Michael Siegel highlights an egregiously misleading Inquisitr piece about electronic cigarettes that parrots the talking points of anti-smoking activists and public health officials who irrationally view these products with fear and loathing. Dieter Holger's public disservice article nicely illustrates the evasions, rhetorical tricks, and outright lies frequently employed by e-cigarette alarmists.
Start with the title: "7 Reasons E-Cigarettes Are Bad." Compared to what? Since the relevant comparison is conventional cigarettes, which are indisputably much more dangerous, the title is an empty distraction. Holger continues to dodge the central issue in his introduction:
Are e-cigarettes really any better than smoking a cigarette? Here are seven reasons e-cigarettes pose dangers to our health.
Holger is determined not to answer the question he poses, so he follows it with a non sequitur. Even if "e-cigarettes pose dangers to our health," of course, that does not mean they are just as hazardous as conventional cigarettes. In fact, as Public Health England (PHE) emphasizes in a recent report, they are something like 95 percent safer.

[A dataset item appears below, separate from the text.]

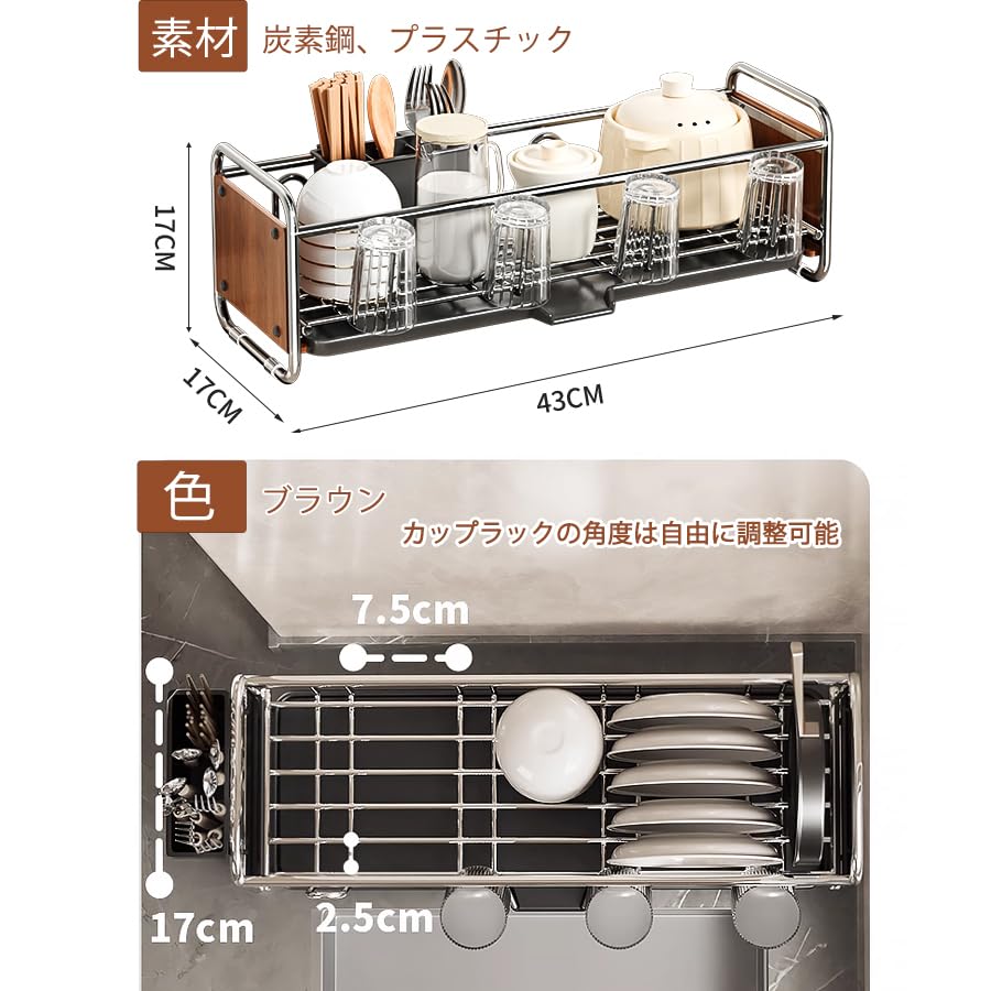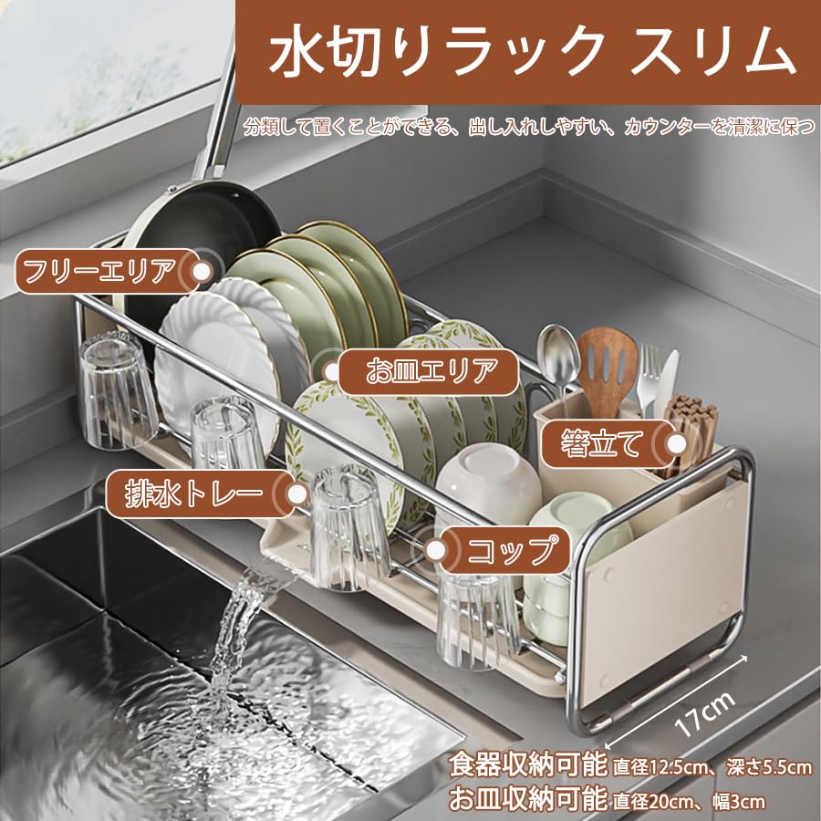 Zilnox 水切りラック スリム 食器 水切り かご シンク上 ラック 大容量 キッチン 箸立て 省スペース 食器乾燥 ブラウン 幅43*奥行17*高17CM

Holger avers that "e-cigarettes contain plenty of cancerous chemicals" and "their fair share of toxic chemicals," statements that are utterly uninformative in this context. How much, after all, is "plenty" or "their fair share"? As the PHE report notes, "most of the chemicals causing smoking-related disease are absent and the chemicals which are present pose limited danger" because they are typically present at very low levels.
Later Holger concedes that "e-cigarettes might not have the same carcinogenic materials as cigarettes (like tar)." There is no might about it, since e-cigarettes do not burn tobacco or anything else. For the same reason, Holger is clearly wrong when he states that "e-cigarettes might create the equivalent of secondhand smoke."
Similarly, citing evidence of short-term changes in airway resistance during vaping, Holger warns that "e-cigarettes have negative effects on lungs." But as Siegel notes, these effects are far less serious than the respiratory damage caused by smoking, and smokers who switch to vaping "experience an immediate improvement in their respiratory symptoms and lung function."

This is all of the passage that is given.